Change is good, donkey

Never get too comfortable.

I was reminded of this with the Google redesign(s) in 2011. Even though they weren’t a total shock (it was about time), they still made me entirely uncomfortable.

This is, in part, because Google is as central to getting around today as the U.S. Interstate Highway System once was. And when a change is made, it impacts, in a crucial way, the way we navigate.

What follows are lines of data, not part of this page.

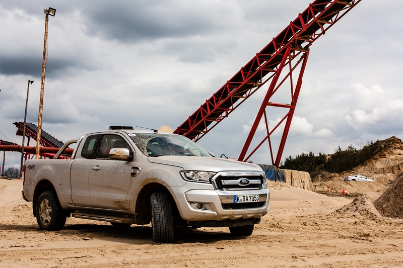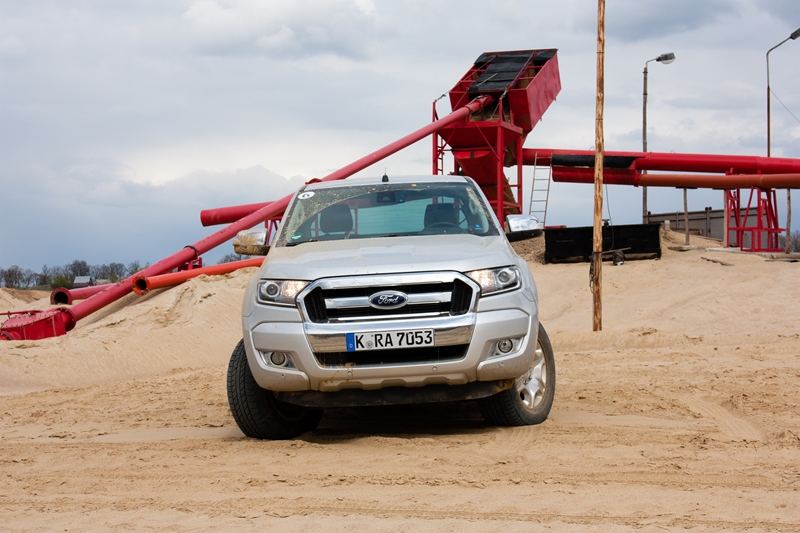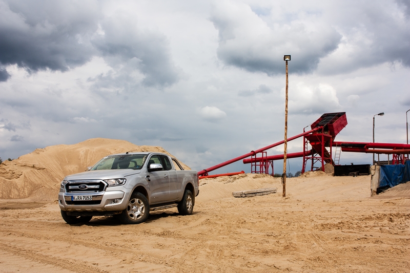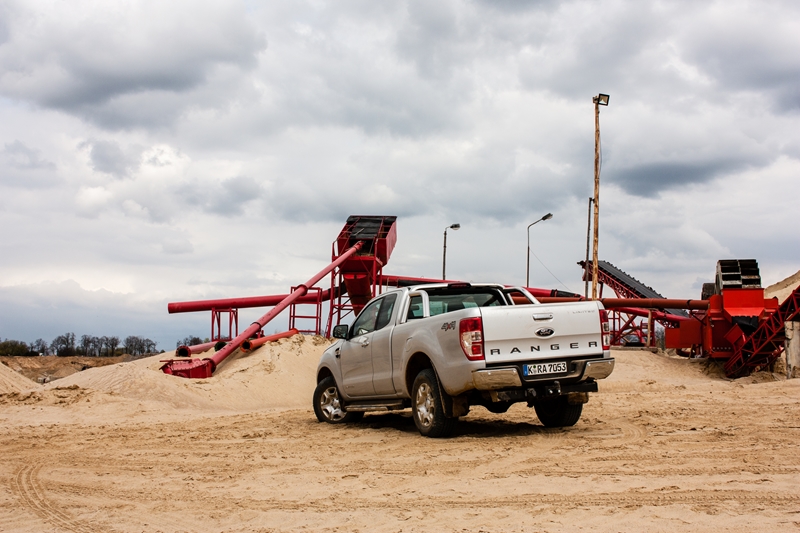 Zdecydowanie więcej emocji oraz pozytywnych wrażeń dostarczyła część odbywająca się na terenie piaskowni, gdzie przygotowano dla nas bardzo wymagającą trasę oraz samochody z silnikiem 2.2 TDCl 160 KM, manualną skrzynią biegów oraz zwykłymi drogowymi oponami. Szczerze mówiąc to byłem dość sceptycznie nastawiony do możliwości jazdy po takim terenie na normalnych oponach, ponieważ na trasie znajdowały się praktycznie pionowe zjazdy i podjazdy, bardzo grząski teren czy głębokie koleiny. Sam bałbym się wjechać samochodem w taki teren, ale organizatorzy zapewnili nam opiekę instruktorów, którzy zachęcali do śmiałej jazdy oraz pokazywali jak należy poruszać się po takim terenie. Nowy Ranger został stworzony do takich warunków i spisywał się w nich znakomicie.
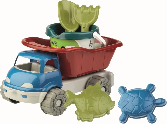 Androni liivakomplekt, mis on valmistatud taaskasutatud plastist, pakub lõbu väikestele lastele. Komplektis on auto, ämber, labidas, reha ja kaks mereteemalist vormi, ideaalne liiva või randa.
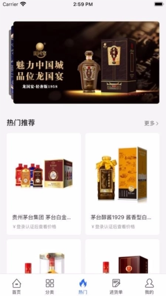 365名品汇是一款由成都名品叄陆伍电子科技有限公司研发的酒水销售电商平台。在365名品汇中有海量品种丰富的名酒,支持附近门店查询,真货保障!产品丰富支持白酒、啤酒、葡萄酒、洋酒、饮料、黄酒等等,提供专业的商品快速估价功能,优惠不断,价格实惠,旨在让用户们在365名品汇可轻松选购需要的产品。平台还提供地址管理功能,用户可以随时查询地址详情,能够随时选择更换使用新地址;平台实时记录订单,支持用户查询待付款以及已完成的订单信息,随时可以选择售后服务;可以将商品加入进货单,加入之后随时查看进货单详情,能够一键购买;平台还提供收藏功能,支持用户收藏商品,收藏成功后随时查询购买;在线购物更安全,支付结算更加快捷,赶紧试试吧。
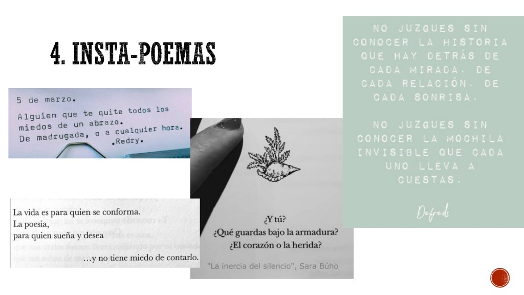 Son cientos de miles de seguidores los que siguen a estos escritores, porque la poesía no está hecha para una minoría. @miguelgane (383K seguidores), @redry (444K seguidores), @sarabuho (447K seguidores), @elvirasastre (609K seguidores), @defreds (948K seguidores)… ¿quieres ser uno de ellos?
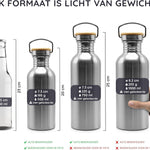 • Materials: 304 stainless steel (bottle), bamboo & stainless steel (lid), silicone (seal)
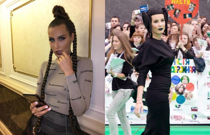 Кэти Топурия может позволить себе разные прически. Идет певице оригинальная укладка с двумя косами.

Back then, in 1926 specifically, Bureau of Public Roads employee, Edwin W. James, came up with what we today know as the interstate numbering system. Prior to that, people relied on a color coding system to know where they were, and where they were going. Telephone poles lined highways and color bands ringed those poles, corresponding to individual trails across the country. As trails expanded, telephone poles became painted from the ground up, 15 feet high, so trying to distinguish one color from the next became a dangerous and confusing distraction.

E.W. James changed that. He decided all north/south highways would be numbered with odd numbers; all east/west numbers would have even numbers; and numbers would increase as you go east and north. The new system had the advantage of not only being expandable (numbers are infinite; poles are not) but it also allowed a motorist to figure out where he was at any given time based on an intersection.

James gave navigation a shape, just like Google gave navigation a shape. When the shape changed—both in 1926 and 2011—people had to adjust. Change is good; it just takes time to adjust to it. Never get too comfortable. Good change is always around the corner.